■ Exercise brief: Word for word, restate each of the entries below, and drop every picture.

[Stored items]
#####

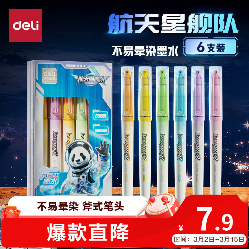 得力不易晕染荧光笔 航天星舰队6色荧光笔 考试复习划重点彩色醒目标记笔手帐笔 6支/盒SK703
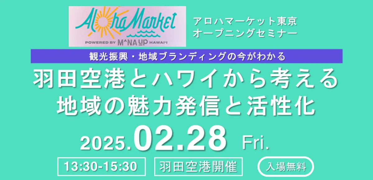 2025年2月28日、羽田空港第1ターミナルで「アロハマーケット東京」のオープニングセミナーが初めて開催されます。本セミナーは地域の魅力発信と観光振興をリードするイベントとして、羽田未来総合研究所とMana Upが共催します。日本とハワイのつながりを強調し、地域経済の活性化に向けた具体的な施策を探る貴重な機会となることでしょう。
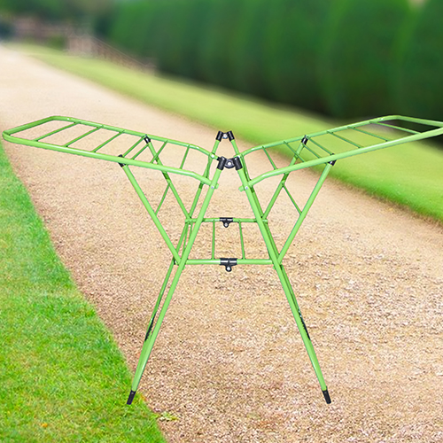 A great alternative to machine drying which can often ruin delicate fabrics, this folding drying rack provides an eco-friendly and gentler way to dry your clothes. The top tier features horizontal rods those bulky sweaters, heavy duty jeans, dresses or linen. The bottom shelf offers plenty of room to store shoes, slippers and laundry accessories.. Ample space between each rod allows air to circulate freely, so you can finally say sayonara to mildewed smelling laundry. With its sleek design, easily place it between the washer and dryer, under the bed, and in the closet. Weighting at about 6.2 lb, it’s easy to carry around the house or outdoors. Set in the laundry room on a rainy day or place it outside on the deck to enjoy the luscious aroma of air-dried laundry.
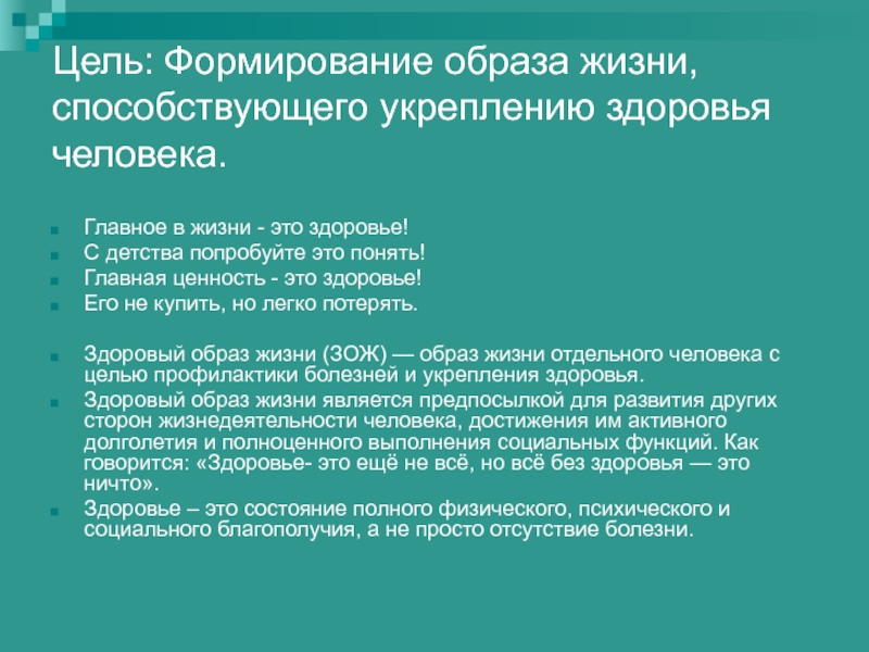 Слайд 3Цель: Формирование образа жизни, способствующего укреплению здоровья человека.
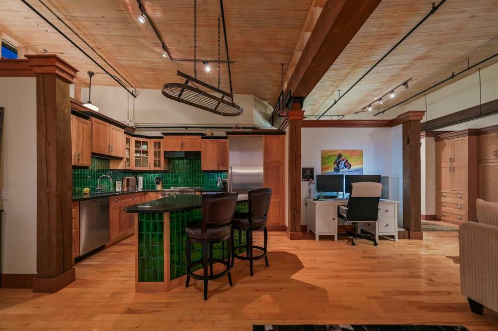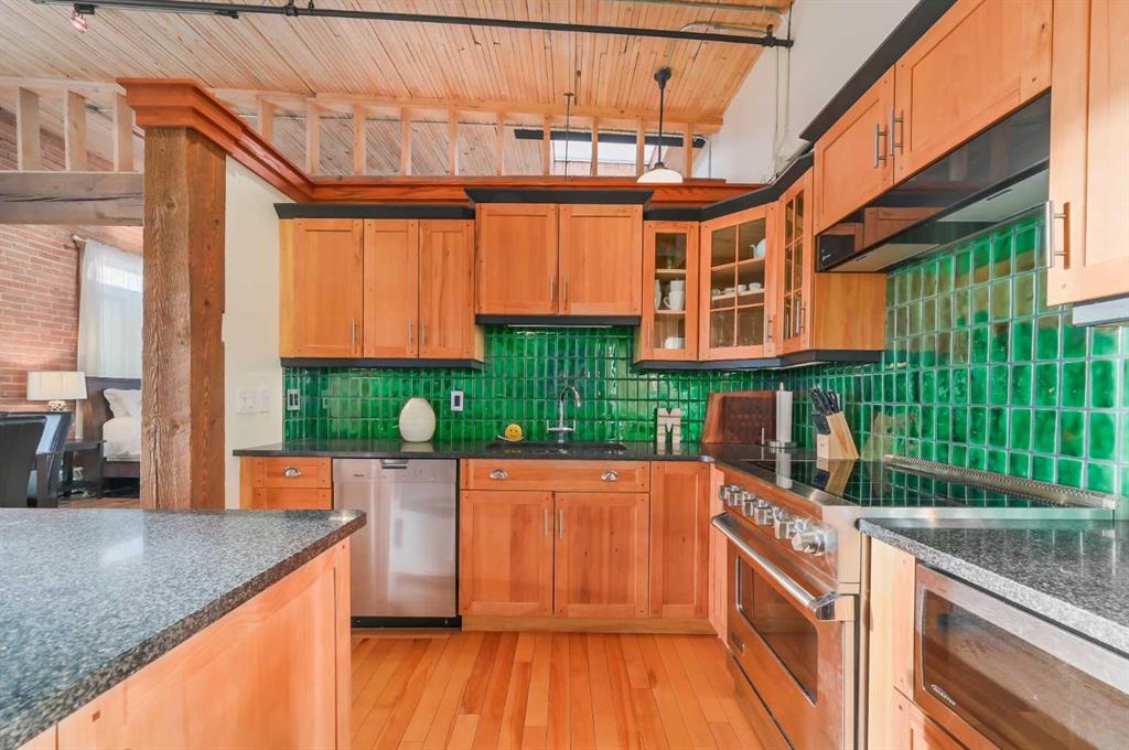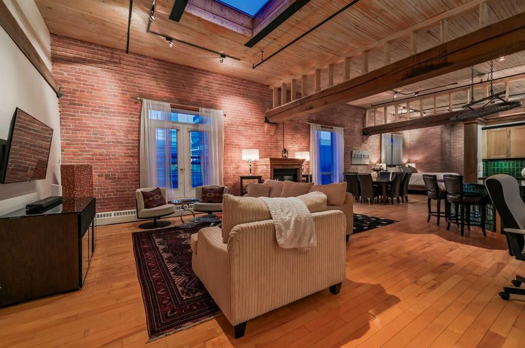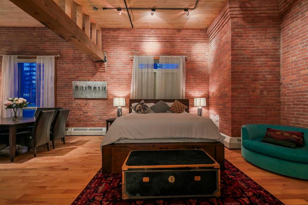 Stunning Penthouse Loft at The Historic Hudson. Nothing will compare…Especially if you’re a couple or single working from home or downtown. Originally built in 1909 by the Hudson’s Bay Company, The Hudson is Calgary’s oldest warehouse converted into mixed-use residential/commercial live-in lofts. This east-facing penthouse loft blends rich history with modern luxury—featuring 13’ ceilings, massive wood beams, exposed brick walls, and two skylights. The chef’s kitchen includes recycled oak cabinetry, granite countertops, and high-end stainless steel appliances: Viking induction range, Sub-Zero freezer, and Miele fridge. The expansive open-concept layout offers large living and dining areas, maple hardwood flooring, and a brick-faced gas fireplace.The primary suite includes a walk-in closet, spa-style ensuite with heated floors, a freestanding cast-iron tub, 10 mm glass rain shower, and private water closet. Two Juliet balconies with French doors add downtown skyline views. A built-in Murphy bed and full wall of oak storage enhance versatility.
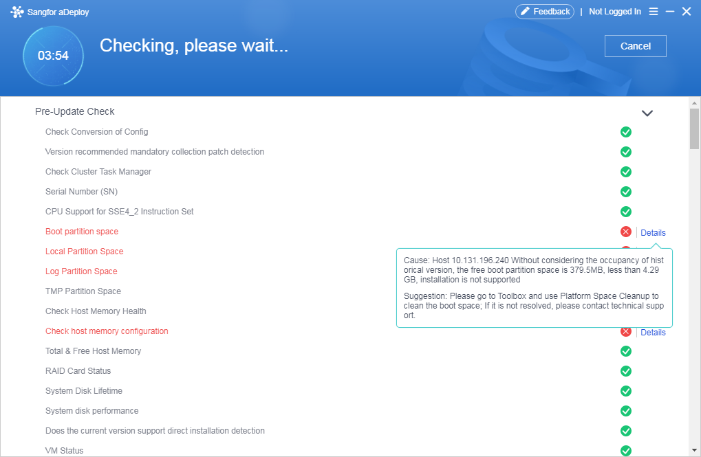 c. If a clustered node fails the pre-upgrade check and the pre-upgrade check does not proceed for more than 10 minutes, please contact a Sangfor technical support representative.
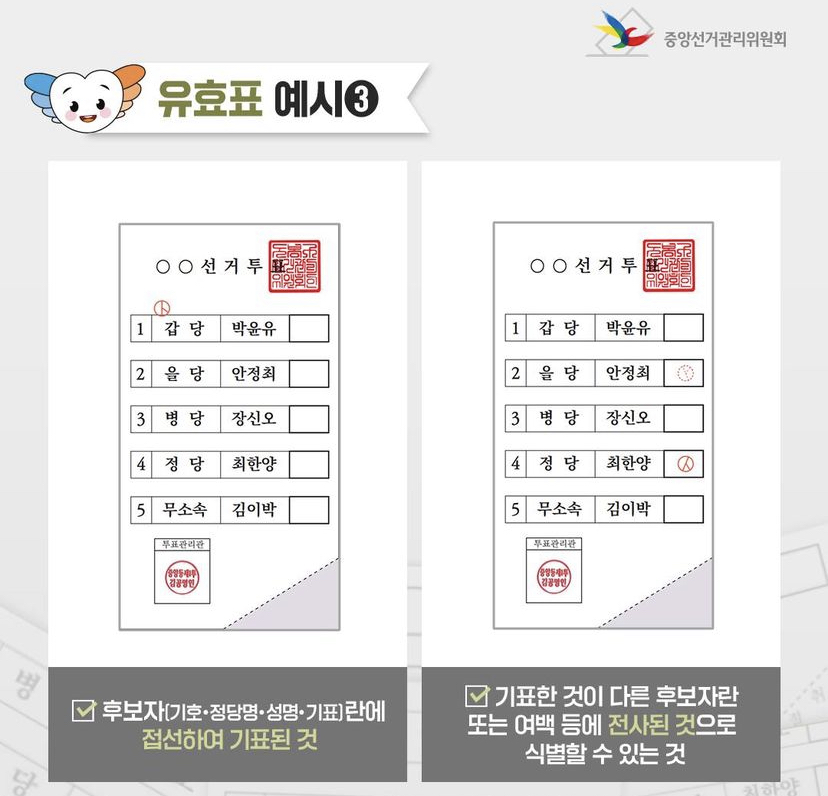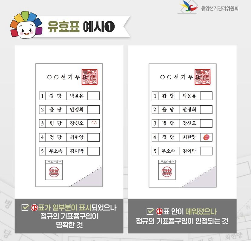 투표를 하실 때 유효표인지 무효표인지 구분이 안가시는 분들을 위해 유효표가 될 수 있는 예시를 보여드리겠습니다.
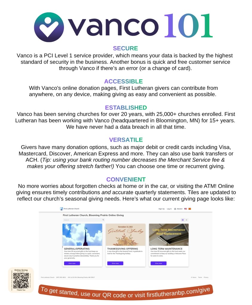 Give Give Now Give My Christmas Offering administered by Vanco Payment Solutions fast-convenient-secure one-time or recurrent set up profile or be a guest Generosity and grace are Lutheran values. Each dollar furthers our mission-thank you! Share this: Click to print (Opens in new window) Print Click to email a link to a friend (Opens in new window) Email More Click to share on Facebook (Opens in new window) Facebook Click to share on Tumblr (Opens in new window) Tumblr Click to share on X (Opens in new window) X Like Loading...
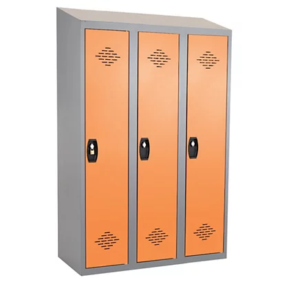 Le vestiaire Industrie salissante 3 cases, toit incliné, corps gris, portes oranges, livré monté.
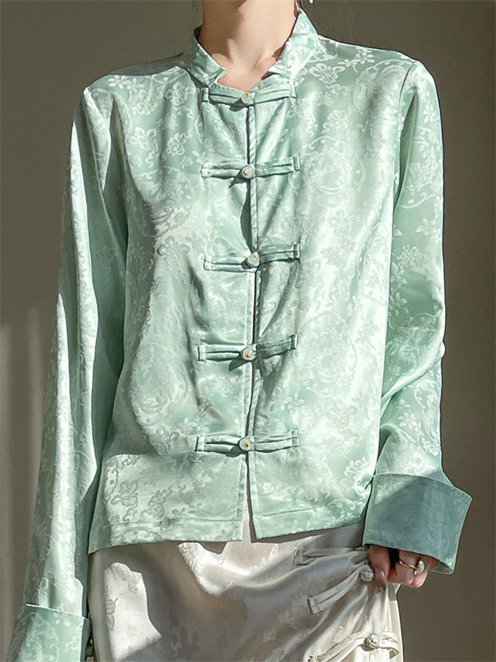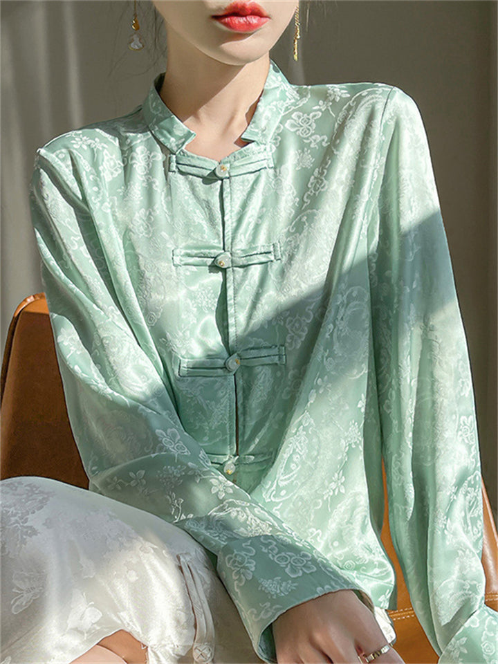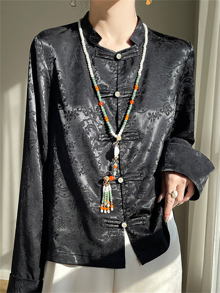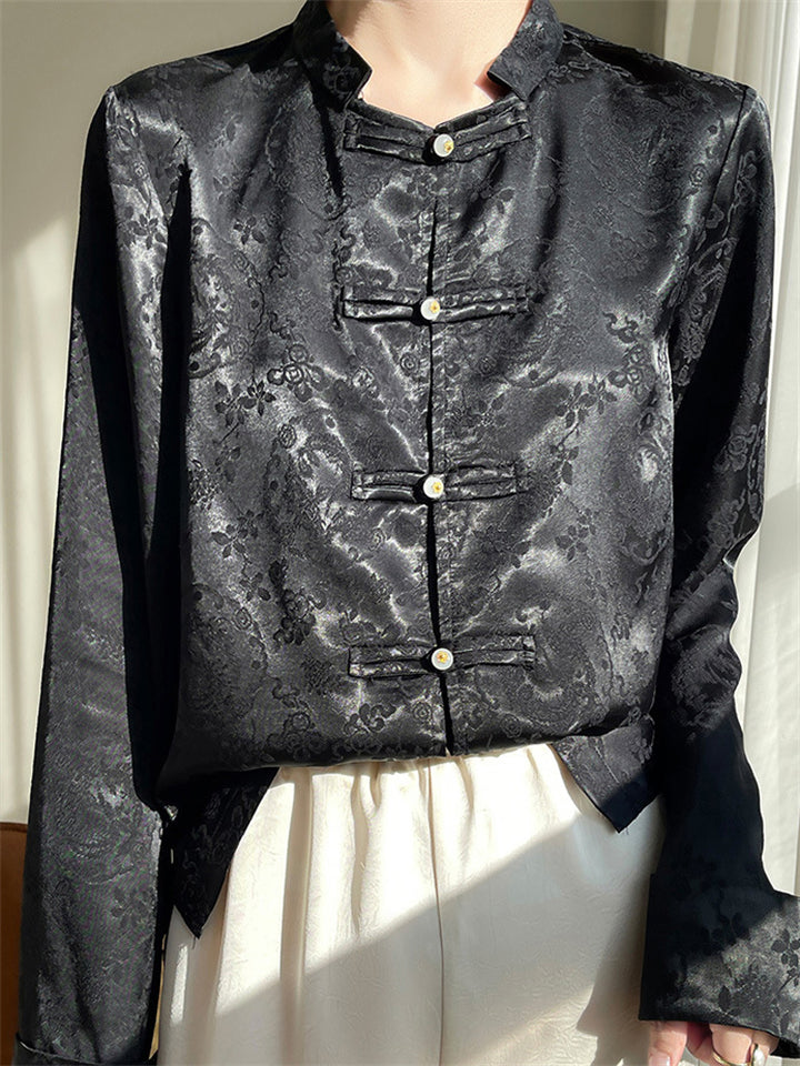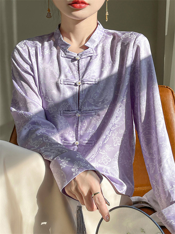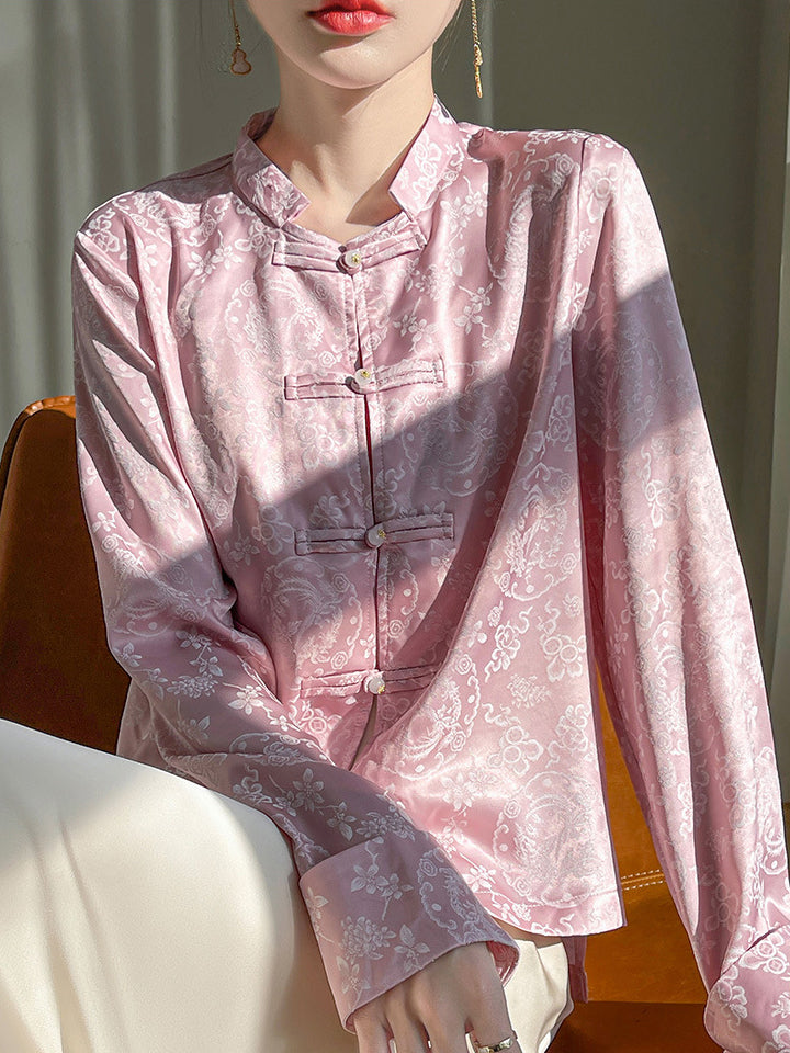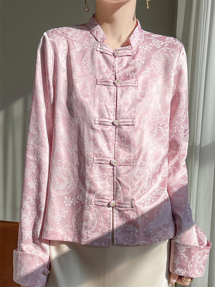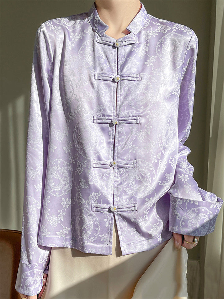 Lady Stand-up Collar Floral Printed Chinese Style Shirts

#####

■ Result for this task:
 得力不易晕染荧光笔 航天星舰队6色荧光笔 考试复习划重点彩色醒目标记笔手帐笔 6支/盒SK703
 2025年2月28日、羽田空港第1ターミナルで「アロハマーケット東京」のオープニングセミナーが初めて開催されます。本セミナーは地域の魅力発信と観光振興をリードするイベントとして、羽田未来総合研究所とMana Upが共催します。日本とハワイのつながりを強調し、地域経済の活性化に向けた具体的な施策を探る貴重な機会となることでしょう。
 A great alternative to machine drying which can often ruin delicate fabrics, this folding drying rack provides an eco-friendly and gentler way to dry your clothes. The top tier features horizontal rods those bulky sweaters, heavy duty jeans, dresses or linen. The bottom shelf offers plenty of room to store shoes, slippers and laundry accessories.. Ample space between each rod allows air to circulate freely, so you can finally say sayonara to mildewed smelling laundry. With its sleek design, easily place it between the washer and dryer, under the bed, and in the closet. Weighting at about 6.2 lb, it’s easy to carry around the house or outdoors. Set in the laundry room on a rainy day or place it outside on the deck to enjoy the luscious aroma of air-dried laundry.
 Слайд 3Цель: Формирование образа жизни, способствующего укреплению здоровья человека.
 Stunning Penthouse Loft at The Historic Hudson. Nothing will compare…Especially if you’re a couple or single working from home or downtown. Originally built in 1909 by the Hudson’s Bay Company, The Hudson is Calgary’s oldest warehouse converted into mixed-use residential/commercial live-in lofts. This east-facing penthouse loft blends rich history with modern luxury—featuring 13’ ceilings, massive wood beams, exposed brick walls, and two skylights. The chef’s kitchen includes recycled oak cabinetry, granite countertops, and high-end stainless steel appliances: Viking induction range, Sub-Zero freezer, and Miele fridge. The expansive open-concept layout offers large living and dining areas, maple hardwood flooring, and a brick-faced gas fireplace.The primary suite includes a walk-in closet, spa-style ensuite with heated floors, a freestanding cast-iron tub, 10 mm glass rain shower, and private water closet. Two Juliet balconies with French doors add downtown skyline views. A built-in Murphy bed and full wall of oak storage enhance versatility.
 c. If a clustered node fails the pre-upgrade check and the pre-upgrade check does not proceed for more than 10 minutes, please contact a Sangfor technical support representative.
 투표를 하실 때 유효표인지 무효표인지 구분이 안가시는 분들을 위해 유효표가 될 수 있는 예시를 보여드리겠습니다.
 Give Give Now Give My Christmas Offering administered by Vanco Payment Solutions fast-convenient-secure one-time or recurrent set up profile or be a guest Generosity and grace are Lutheran values. Each dollar furthers our mission-thank you! Share this: Click to print (Opens in new window) Print Click to email a link to a friend (Opens in new window) Email More Click to share on Facebook (Opens in new window) Facebook Click to share on Tumblr (Opens in new window) Tumblr Click to share on X (Opens in new window) X Like Loading...
 Le vestiaire Industrie salissante 3 cases, toit incliné, corps gris, portes oranges, livré monté.
 Lady Stand-up Collar Floral Printed Chinese Style Shirts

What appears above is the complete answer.